Hamburg on the house

Hamburg on the house

German waterfront

Hamburg on the house

The 1.7 million inhabitants of the second largest city of Germany are called Hamburgers. They don’t mind, rather it bestows pride in them to proclaim their home, the port city of Hamburg, as the origin of one of the planet’s most accepted food item.

The story goes that during the late 18th century, hungry sailors arriving at their shores were served with a grilled meat patty, placed between two pieces of bun bread.
 They used to call it “hamburger”, which over time has been globally branded as a short and simple meal.

Unconventional haunt

In the touristy circuit, Hamburg dots as an offbeat destination.

It has the world famous port, one of biggest in Europe.

Her waterways are inviting and the architectural line-up is eye catching.

And if you love having fun, there are not many cities like Hamburg.

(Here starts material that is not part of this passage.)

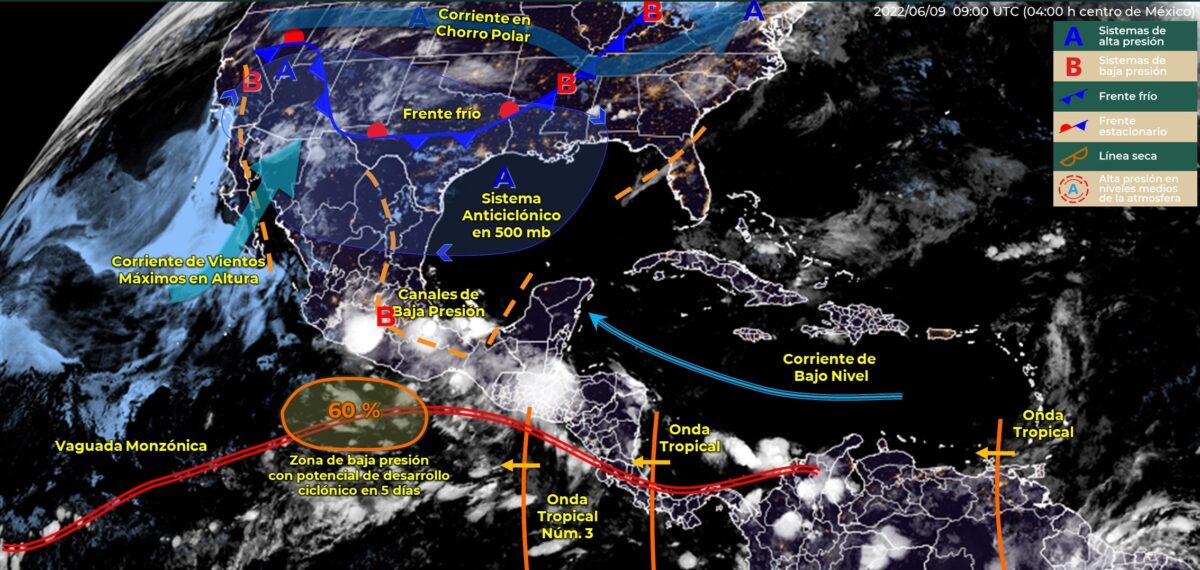 Pronóstico del clima para hoy jueves 9 de junio en Quintana Roo. Para este día, la onda tropical número 3 recorrerá el sureste de México en interacción con la vaguada monzónica sobre el Golfo de Tehuantepec, lo que mantendrá un temporal de lluvias con acumulados puntuales intensos en Oaxaca y Chiapas, que podrían generar el incremento en los niveles de ríos y arroyos, deslaves e inundaciones en el sur y sureste del país.

The nightlife here matches up with Amsterdam and keep night owls enjoying till early hours in the morning.

“Water makes Hamburg special, so the best way to start exploring the city is by going on a harbour cruise,” advised my hotel concierge, and I followed her instruction.

It provided first-time visitors like me a good understanding of the evolution of this ultramodern settlement.

Edging on River Elbe, trade through Hamburg for centuries has made the city wealthy enough to become one of the richest metropolitan areas of European Union.

The docks have also witnessed large people movement.
 After the two world wars, millions of Europeans voyaged to the newer world from here, giving the city its other name, “The Getaway to the World”.

While water faring, I came across everything from historic vessels and giant container ships to maritime memorials, romantic piers and a stunning architectural silhouette of old and new, dominated by tall spires of Hamburg’s several churches.  

In Hamburg, life is surrounded by water.

The Elbe criss-crosses through the city, splitting into waterways that streams like Venetian canals between handsome buildings, many of which serve as offices, residences and museums.

Hamburg also boasts a beautiful picturesque lake, which forms the showpiece of the city-centre and the nearby residential suburbs.

It’s undoubtedly a delight to follow the links of the waterways with the wide expanses of the Elbe by boat or trundling through the cobblestone streets.

Post-war makeover

The city was almost reduced to rubbles by allied-force bombing during the World War II, but in the last six decades, it has reshaped well to emerge as an ultramodern destination.

Though the city has been rebuilt elaborately, history has been preserved at significant quarters, for example, at the city-centre where life buzzes around the imposing City Hall which remains as one of the few completely preserved buildings of historicism in Hamburg. 

There are historic churches nearby, most significant being the St Nikolai Church, famous for its towering steeple, once recognised as the tallest in the world.

The edifice burnt down to its wall, during the war in 1943, and its remnants today serve as a memorial for the victims of war.

However, Hamburg’s signature building is the baroque styled St Michael Church.  A visit to Hamburg isn’t complete without a visit to Reeperbahn.

It’s the city’s most famous and exciting thoroughfare that gets alive only after sun down when Hamburgers, joined by thousands of visitors, storm into this quarter to party.

The neon-lit signs of the establishments, the loud music from the bars, the aroma of grilling sausages from wayside stalls and the cheering and jeering of the crowd creates a magical atmosphere. 

In the early sixties, a bunch of young rock singers from England regularly performed at various night clubs in Reeperbahn.

They were actually pretty good and it was their top notch singing performance at the sleazy clubs that gave them the initial break to earn credibility, become famous and to be known as Beatles in future.

Reeperbahn hasn’t forgotten about them.

There is a Beatle’s Memorial, featuring stainless steel statues erected on a paved area which is always filled with their aficionada.